#### WHAT YOU HAVE TO DO
Pictures appear among the records below and must be omitted. Repeat exactly the lines from the line with "T4U 18cm Selbstwässernder" to the line with "Termodinamica – Esercizio", both included.

◆ ◆ ◆ ◆ ◆

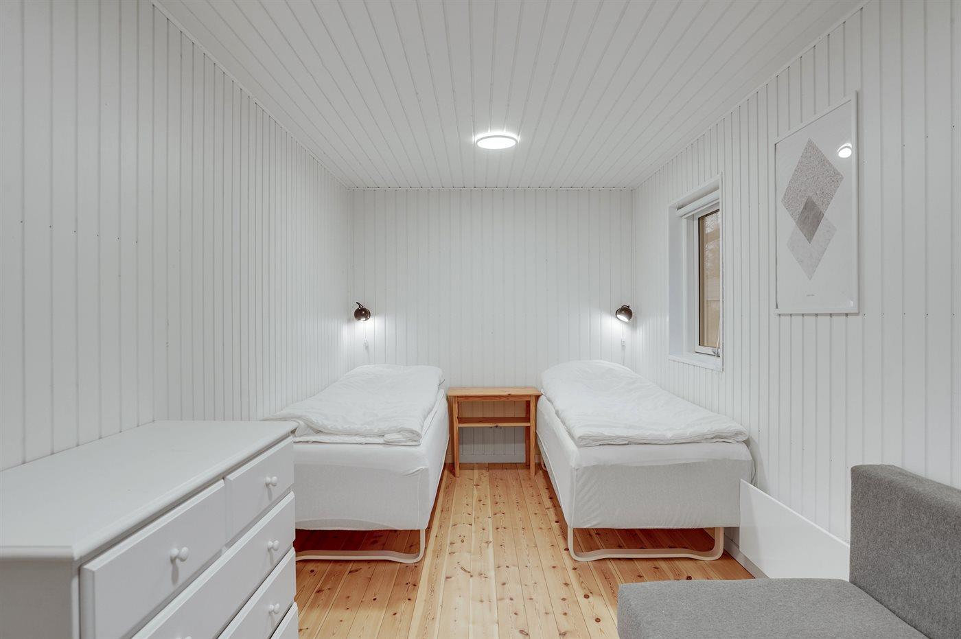 Der er i alt 3 soveværelser. Sovepladserne fordeler sig på: 2 sovepladser i dobbeltseng. 4 sovepladser i enkeltsenge. 2 sovepladser i sovesofa (enkelt).
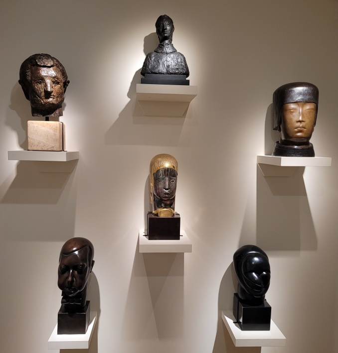 Les visages de l'École de Paris : Léon INDENBAUM, Portrait de Chaïm Soutine, buste de Jeanne Hébuterne et portrait de Foujita, Chana ORLOFF, Lucien Vogel, 1921, Joseph CSAKY, Tête de femme, 1924, et Auguste ZAMOYSKI, Portrait de Louis Marcoussis
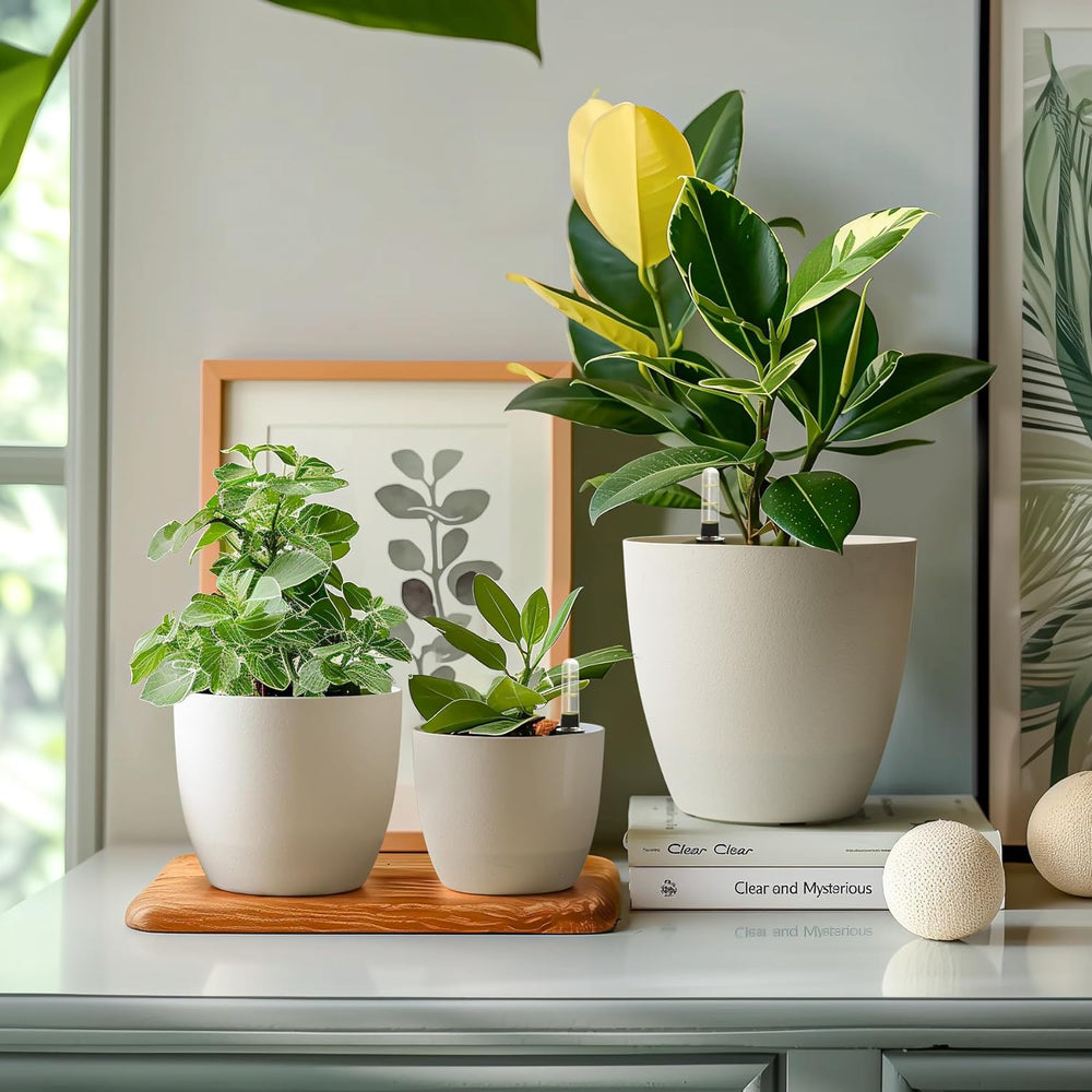 T4U 18cm Selbstwässernder Blumentopf mit Wasseranzeiger Weiss Blumentopf Set 4er-Set, Selbstbewässer
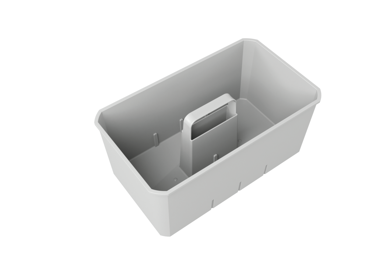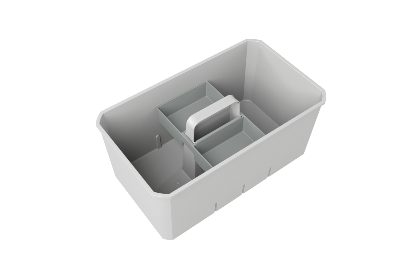 Utensilienbox. Zum Verstauen von z. B. Bürsten, Reiniger, Tabs und Tüchern.
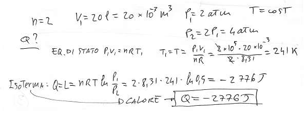 Termodinamica – Esercizio 6 Due moli di gas perfetto occupano il volume di 20 l alla pressione di 2 atm. Sapendo che il gas raddoppia la sua pressione isotermicamente, calcolare il calore scambiato durante la trasformazione.
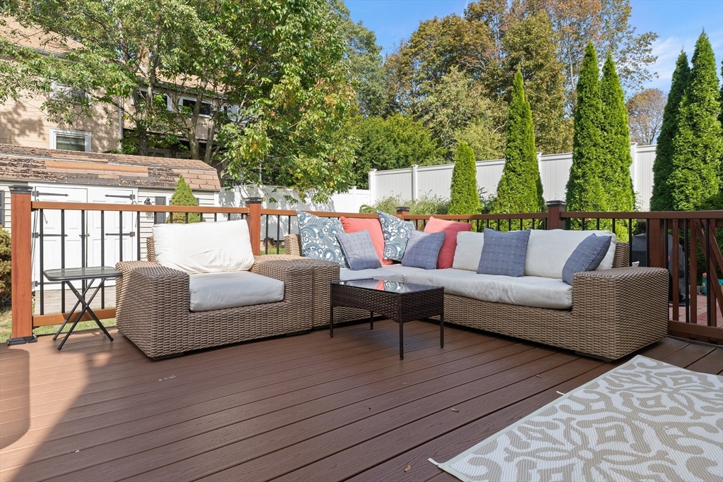 Make this sunny, well-located townhome yours! A spacious living room with tall ceilings and airy feel welcomes you to your home. The large eat-in kitchen is perfect for gathering, or step out to the expansive deck for outdoor entertaining and dining. Three bedrooms with generous closets provide flexibility for guests, office, or playroom. A main-level half bath adds convenience and Central AC adds comfort. Full basement includes washer/dryer, workshop table and exterior access. Fully fenced lawn and storage shed are perfect for gardening or your pet. Easy access to 95/93 allows quick travel into Boston (15–20 min to Logan), the North Shore, NH, Maine, or the Cape. Shopping and dining within 10 minutes—Market Basket, Target, BJ’s, Home Depot, and more. Nearby Horn Pond is great for walking, and schools offer a track, tennis and soccer fields. The Fellsway, 10 minutes away, is ideal for hiking and biking. With NO CONDO FEE this bright, versatile home combines comfort and convenience!
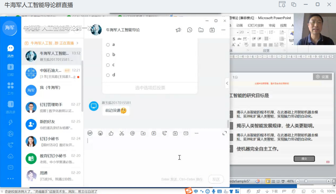 计算机系对口援建教师牛海军:在线上讲授《人工智能导论》课程时,要不断吸取他人线上教学经验,将课件划分为若干小段,并在中间添加问题环节,直播教学效果良好。”

◆ ◆ ◆ ◆ ◆

#### PROBLEM SOLUTION
 T4U 18cm Selbstwässernder Blumentopf mit Wasseranzeiger Weiss Blumentopf Set 4er-Set, Selbstbewässer
 Utensilienbox. Zum Verstauen von z. B. Bürsten, Reiniger, Tabs und Tüchern.
 Termodinamica – Esercizio 6 Due moli di gas perfetto occupano il volume di 20 l alla pressione di 2 atm. Sapendo che il gas raddoppia la sua pressione isotermicamente, calcolare il calore scambiato durante la trasformazione.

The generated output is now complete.